In actuality, because wiring is affected by heat generated by nearby components and the ambient temperature, it is recommended that the conductor width be selected with ample margin included. For example, for a one-ounce (35 μm) board, the conductor width is generally set to 1 mm or more per ampere of current, and for a two-ounce (70 μm) board, the width is generally made 0.7 mm or more per ampere. In this way, separate design rules that include margins are typically applied.

Below are shown a layout example in which wiring area is optimized from the standpoint of EMI, and a poor layout example in which the wiring area is made larger than necessary. The layout sections being discussed are shown in a darker color.
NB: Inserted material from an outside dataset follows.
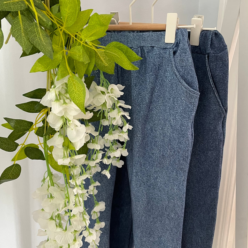 Placid Blue - blå økologisk French Terry Jny Kids - STOFFBIT PÅ CA 1,46 M

Where inductor wiring is concerned, there are two other points to be noted. The first is that the ground layer must not be located directly below the inductor. Due to the effect of cancelling magnetic lines of force caused by eddy currents occurring in the ground layer, the inductance of the inductor L drops and losses increase (reduced Q) (see the left side of the diagram below). Apart from the ground layer, switching noise can propagate in signal lines as a result of eddy currents. Hence wiring should never be located directly below the inductor. When wiring below the inductor cannot be avoided, an inductor with a closed magnetic circuit structure and little leakage of magnetic lines of force should be used.

The second point to note is the distance between inductor terminals. As in the example on the right in the diagram above, because the copper foil area is broader in the terminal portions, the effective distance between the terminals is reduced, and the high-frequency signal of the switching node may be induced in the input via stray capacitance. As with the other wiring examples, the copper foil for the inductor terminals should be limited to the minimum amount necessary.